I can't bring myself to read this. Am too afraid that a new obsession will be born.
Sounds great to me. Personally, I'd probably have fun with the heavy catholicism - one of the bloodiest weird mythologies I know.
Wise Kwai, I found a page with some cast info and screencaps from the Indonesian Darna movie, Darna Ajaib here. There are also numerous clips from it on Youtube, most of which weren't very interesting, but this one has some awesome special effects at just about the one minute mark. I must say though, that the Indonesian version of Darna wears her debt to Wonder Woman on her sleeve to a much greater extent than the Pinoy one.
It looks like the Filipino Darna movie that played at PIFF was 1994's Darna, Ang Pagbabalik, which starred Anjanette Abayari, one of those actresses to portray Darna in more recent years who I referred to in my post as being more on the, um, bodacious side.
Memsaab: Perhaps your caution is warranted. I wouldn't exactly call Darna addictive, but she does grow on you.
House: You're right. That stuff make Lovecraft look like Mother Goose.
Cool! Looking forward to more Darna. :D
I'll be delving into some of the Vilma Santos Darna movies in the next few weeks. My lovely wife has graciously agreed to provide rough translation for at least one of them, so, at least in one case, my review won't be the typical "der, der, der -- ooh, pretty colors -- der, der, etc...."

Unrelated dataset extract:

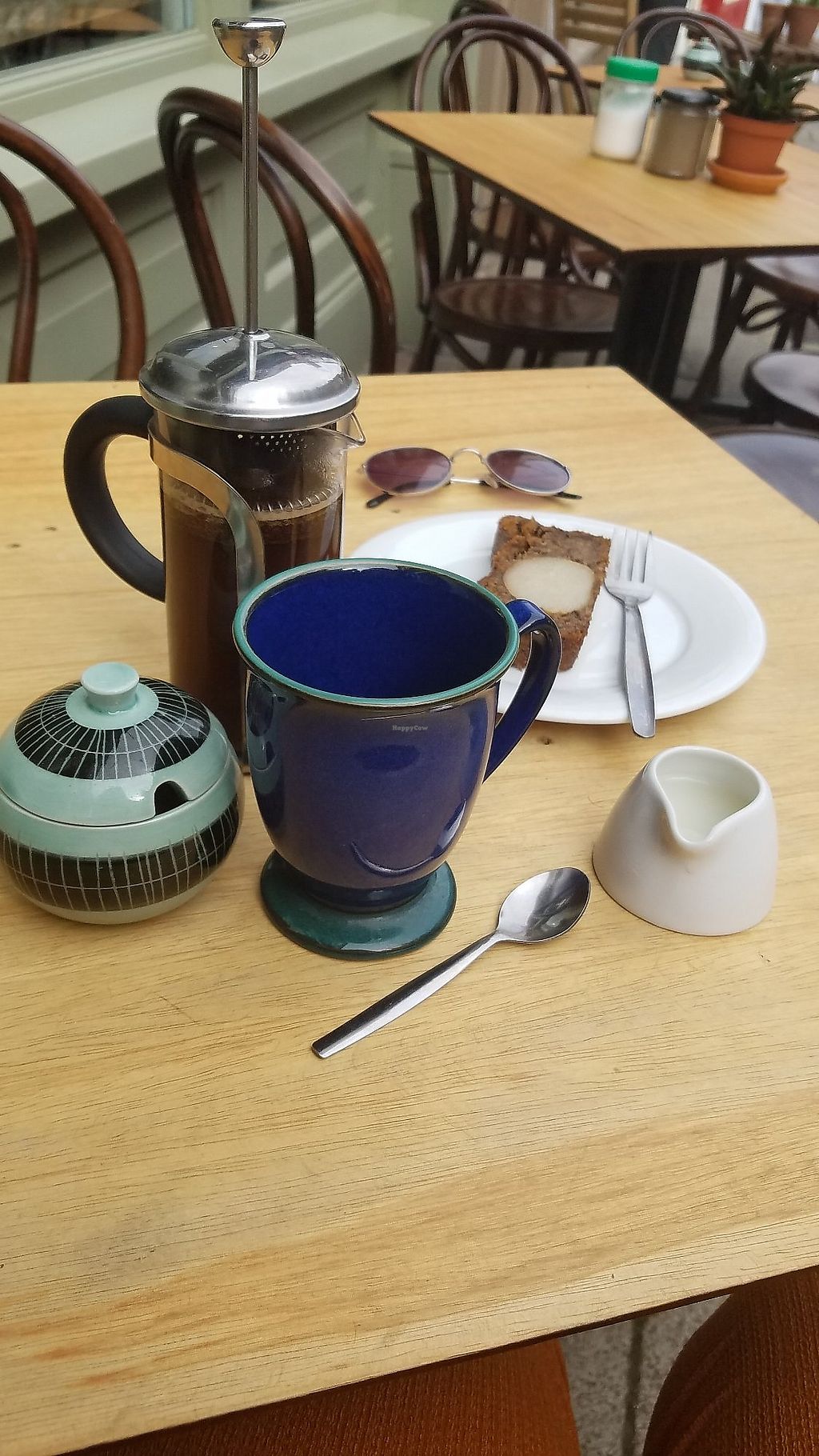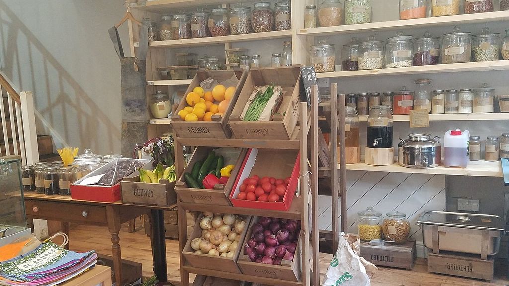 I was in Norwich for a couple of weeks and discovered this little gem , it's a refill shop with organic veg and fruit, which is great, but the best part is is the little cafe upstairs where they serve freshly baked and prepared food from the downstairs kitchen: soups , freshly made bread, pies, sandwiches, salads, vegan cheese , cakes- a lovely selection a gorgeous food in a very friendly atmosphere. Outside seats available. Get there early as the food tends to go! Agreat place for lunch

Hi there. I just admired how you appreciate our DARNA heroine. I don't know if you also know that there is another Darna movie with Vilma Santos on it -- I read here that you only refer to the following Darna movies that starred Santos:
- Lipad, Darna, Lipad
- Darna and the Giants
- Darna Vs. The Planet Women
There is one Darna movie with Santos, that's Darna at Ding, this starred Santos with the Philippines boy wonder Niño Mulach, and like Lipad, Darna, Lipad this also features three episodes. You might want to check on that too.
Also I'd like to ask where you got your copy of Darna and the Giants -- I have been looking for a copy and couldn't find one. Let me know if you also find a copy of the Lipad,Darna, Lipad.
Art --- hattorihanzo12@yahoo.com
Glad you're enjoying the reviews. I'll be reviewing Darna et Ding in the coming weeks. Unfortunately, a copy of Lipad, Darna, Lipad still eludes me.
I don't know how you find most of this stuff! But, it's just been announced that a new DVD has been released of this movie. No subs afaik though.
http://www.kabayancentral.com/video/others/cpotdarnaaabt.html
Cool. Subtitles or no, I'm sure the quality will be better than the horrible, gray market DVD-R of it that I have. Thanks for the tip, Shonokin.